Bhagavad Gītā Chapter 15, Verse 9: Krishna to Arjuna — Puruṣottama-Yoga
Presiding over hearing, sight, touch, taste, and smell, with mind as the sixth, the embodied self moves through and enjoys the objects of the senses.
Bhāṣyakāra purports
- Śaṅkaraadvaita
The jiva (individual self), stationed within the body, presides over the five sense-organs — shrotra (hearing), chakshu (sight), sparshanana (touch), rasana (taste), and ghrana (smell) — together with manas (mind) as sixth, and through these instruments experiences the sense-objects beginning with sound. Shankara reads 'adhishtaya' (having presided over) as indicating that the jiva does not merely possess but governs the instruments, though that governance is itself superimposed on the non-dual Atman. The entire circuit of sensation is thus a function of avidya (ignorance), dissolved when the substrate-Atman is discriminated from the sheaths.
- Rāmānujaviśiṣṭādvaita
The jiva, taking up the six instruments — the five jnanendriyas (sense-faculties) with manas (mind) as sixth — renders each instrument fit for its own proper object-class and thereby enjoys (upabhunkte) sounds and the remaining vishaya (sense-objects). Ramanuja's 'svashvavishajavrittyanuguna kritva' ('having made each apt to its own object-mode') emphasizes that the fitness of each faculty is itself a gift of Ishvara, the Inner Ruler; enjoyment is therefore not autonomous but constitutively dependent on Bhagavan's sustaining presence.
- Madhvadvaita
The jiva experiences objects even through the avenues of the senses — hearing music as in the shruti cited by Madhva: 'Those who sing on the vina, they sing of Him.' The jiva enjoys only in the mode conditioned by the gunas (qualities of prakrti), and sin does not reach the devatas because the Lord Hari is the true enjoyer at the ground of all experience. Madhva's polemical point is that autonomous jiva-enjoyment is a category error: the jiva is always a dependent, and its sense-experience is worship only when that dependence is acknowledged.
- Vallabhaśuddhādvaita
Vallabha reads the senses as instruments the jiva takes up — constituted by prakritic ahankara (cosmic self-sense) — and renders each fit for its object before enjoying the vishaya (sense-objects) including sound.

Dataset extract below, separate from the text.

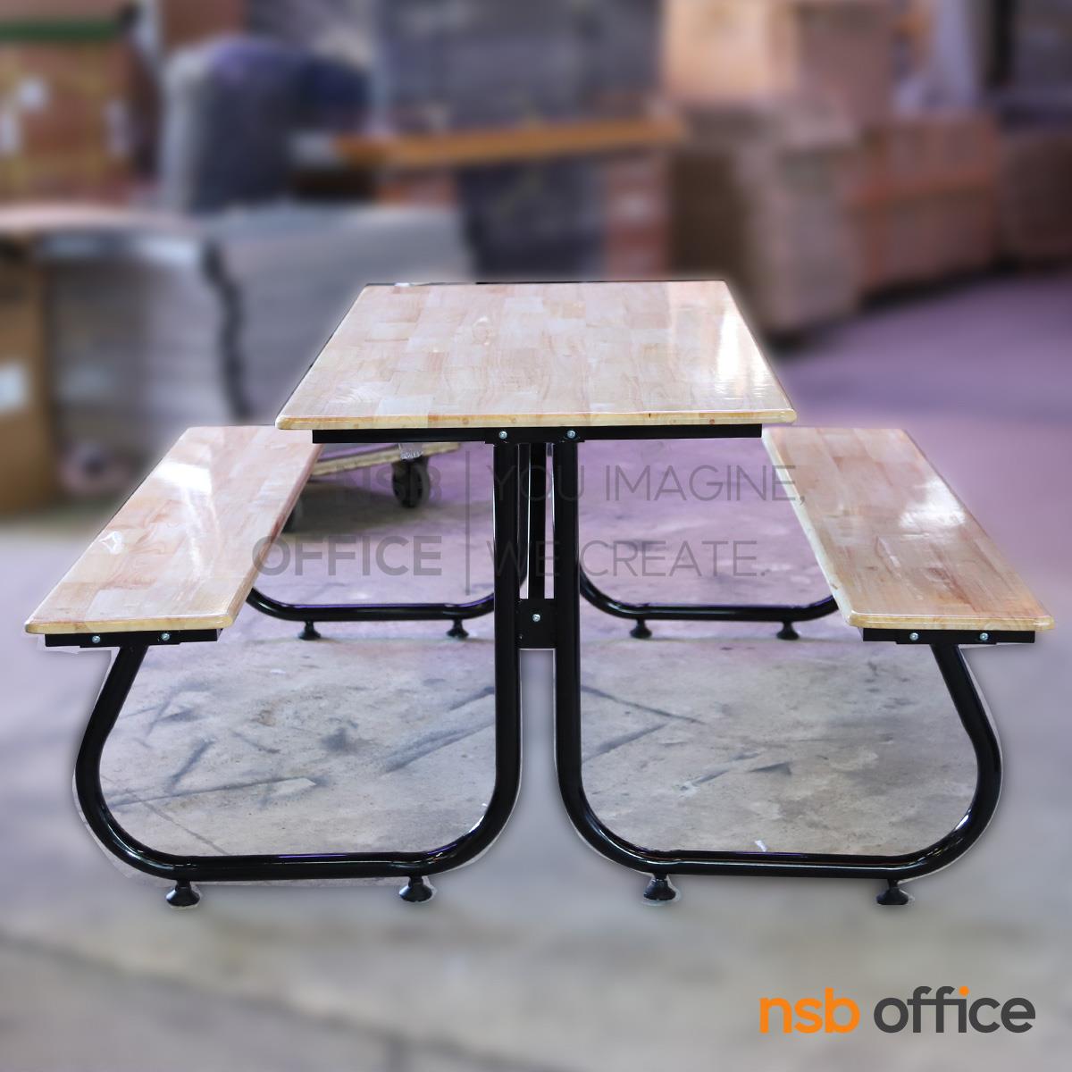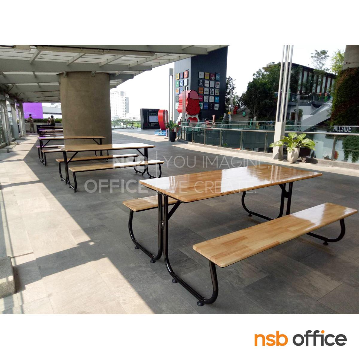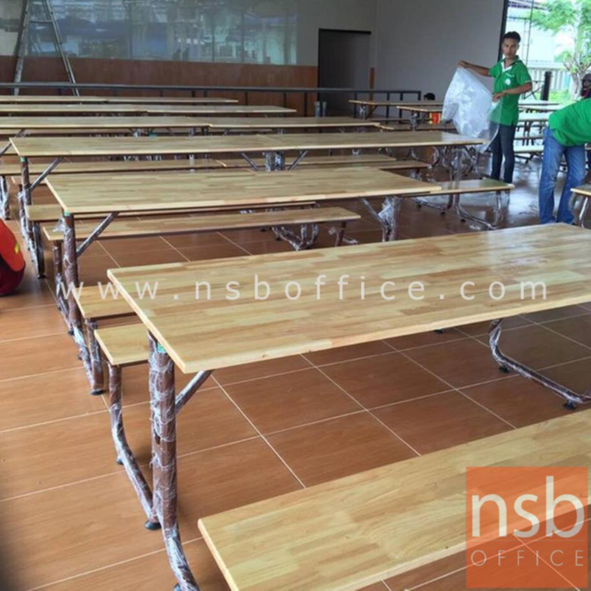 : ชุดโต๊ะและเก้าอี้โรงอาหารหน้าไม้ยางพารา รุ่น PM-5 ขนาด 150W cm. แบบขาเชื่อมติดกัน

The key Vallabha accent is that these very senses were 'taken and carried away' (grihitva gachchhati) from their divine origin, and the entire sensory circuit is therefore a fragment of Krishna's own svashakti (self-power); purification means recognizing each sensation as prasada (grace-gift) rather than personal acquisition.
- Śrīdharabhakti
Shridhara reads the verse as simply mapping the jiva's instrument-set: the five bahyendriyas (external sense-organs) — shrotra, chakshu, sparshana, rasana, ghrana — plus the antahkarana (inner organ) manas, constitute the six means by which the jiva takes up and experiences the vishaya (sense-objects) beginning with sound. The bhakti inflection lies in the word 'upabhunkte' — the jiva's enjoyment is a conditioned borrowing, and the devotee redirects every sensation toward the Lord as its real destination.

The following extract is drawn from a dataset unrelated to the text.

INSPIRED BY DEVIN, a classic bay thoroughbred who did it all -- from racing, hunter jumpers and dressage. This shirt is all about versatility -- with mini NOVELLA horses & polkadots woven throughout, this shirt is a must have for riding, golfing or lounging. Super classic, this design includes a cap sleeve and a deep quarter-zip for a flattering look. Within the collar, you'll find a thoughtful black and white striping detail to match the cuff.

- Madhusūdanaadvaita-bhakti
Madhusudana extends the list explicitly: shrotra, chakshu, sparshana, rasana, ghrana, and by the particle 'cha' (and) also the karmendriyas (action-organs) and prana (vital force), with manas as sixth, are all presided over — 'adhishthaya' meaning 'having made these its seat' — and the jiva enjoys the vishaya beginning with sound. The synthesis: Advaita sees this sensory web as avidya-rooted superimposition, while bhakti sees it as the very arena in which the jiva may offer every act of perception back to Krishna, converting samsara-bhoga (worldly enjoyment) into bhakti-yoga.